----- DATA BLOCK

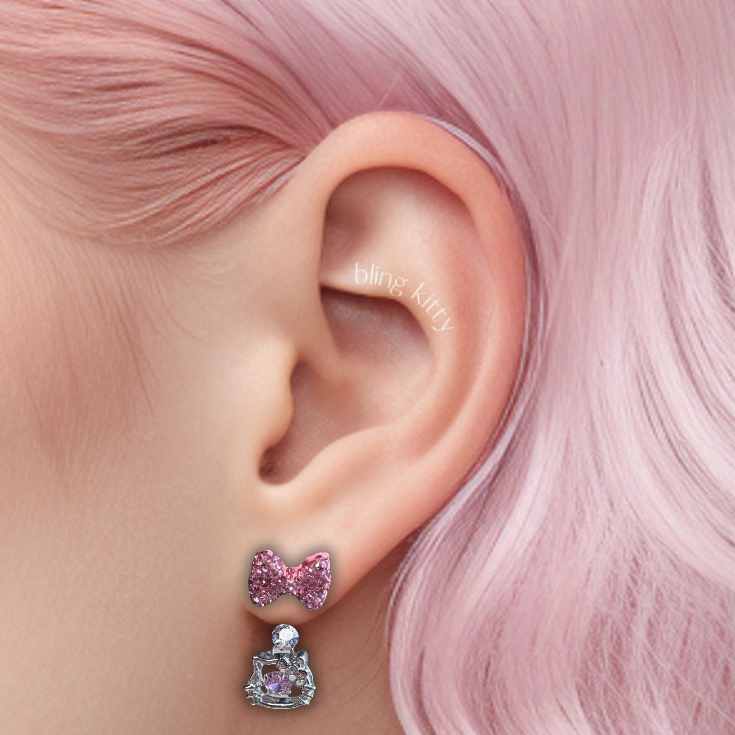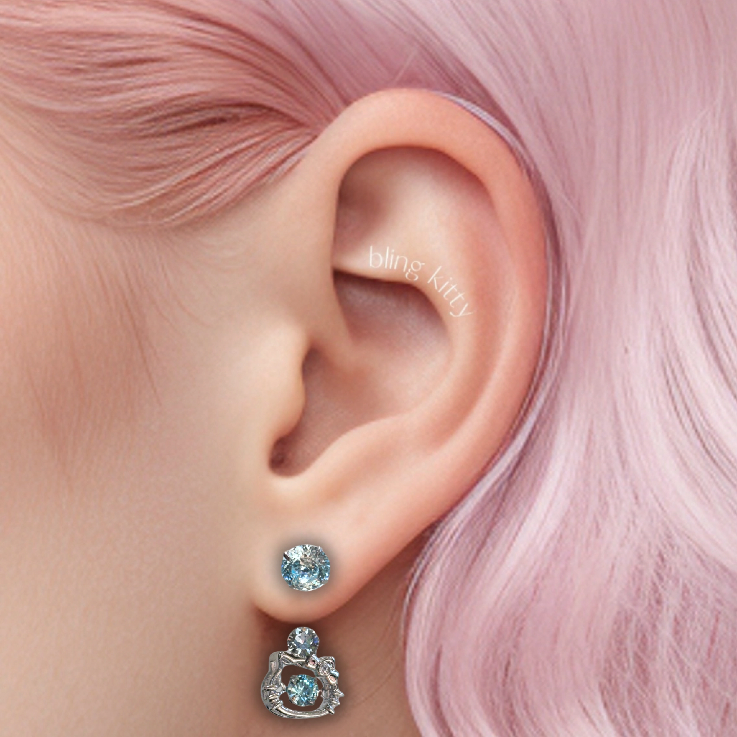 There are a wide variety of choices for earlobe piercing. You can easily find the style that suits you. Most of the earrings in our home can be worn on earlobes. Whether it's the simple zircon diamond, the dazzling horseshoe ring pendant or the cute kitten earrings, you can choose! The earlobe is the softer part of the ear, which can be stretched and adapted to large stud earrings of 16G, 18G and 20G. This wider area is perfect for trying and personalizing your unique earring style. Whether it's the simple single stud or the ever-changing layering, we guarantee that no matter what your beauty needs are, bling kitty can meet them.
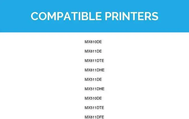 Lexmark MX printers: MX510de, MX511de, MX511dhe, MX511dte, MX610de, MX611de, MX611dhe, and MX611dte. We are the exclusive reseller of LD Products brand of high quality printing supplies.
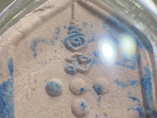 เนื้อผงพุทธคุณสีชมพู (หลังปั๊มตราวัด) แท้ทันหลวงพ่อ

----------

TASK STATEMENT:
Working from the listing above, retype it exactly but include no images.

FINISHED EXERCISE:
 There are a wide variety of choices for earlobe piercing. You can easily find the style that suits you. Most of the earrings in our home can be worn on earlobes. Whether it's the simple zircon diamond, the dazzling horseshoe ring pendant or the cute kitten earrings, you can choose! The earlobe is the softer part of the ear, which can be stretched and adapted to large stud earrings of 16G, 18G and 20G. This wider area is perfect for trying and personalizing your unique earring style. Whether it's the simple single stud or the ever-changing layering, we guarantee that no matter what your beauty needs are, bling kitty can meet them.
 Lexmark MX printers: MX510de, MX511de, MX511dhe, MX511dte, MX610de, MX611de, MX611dhe, and MX611dte. We are the exclusive reseller of LD Products brand of high quality printing supplies.
 เนื้อผงพุทธคุณสีชมพู (หลังปั๊มตราวัด) แท้ทันหลวงพ่อ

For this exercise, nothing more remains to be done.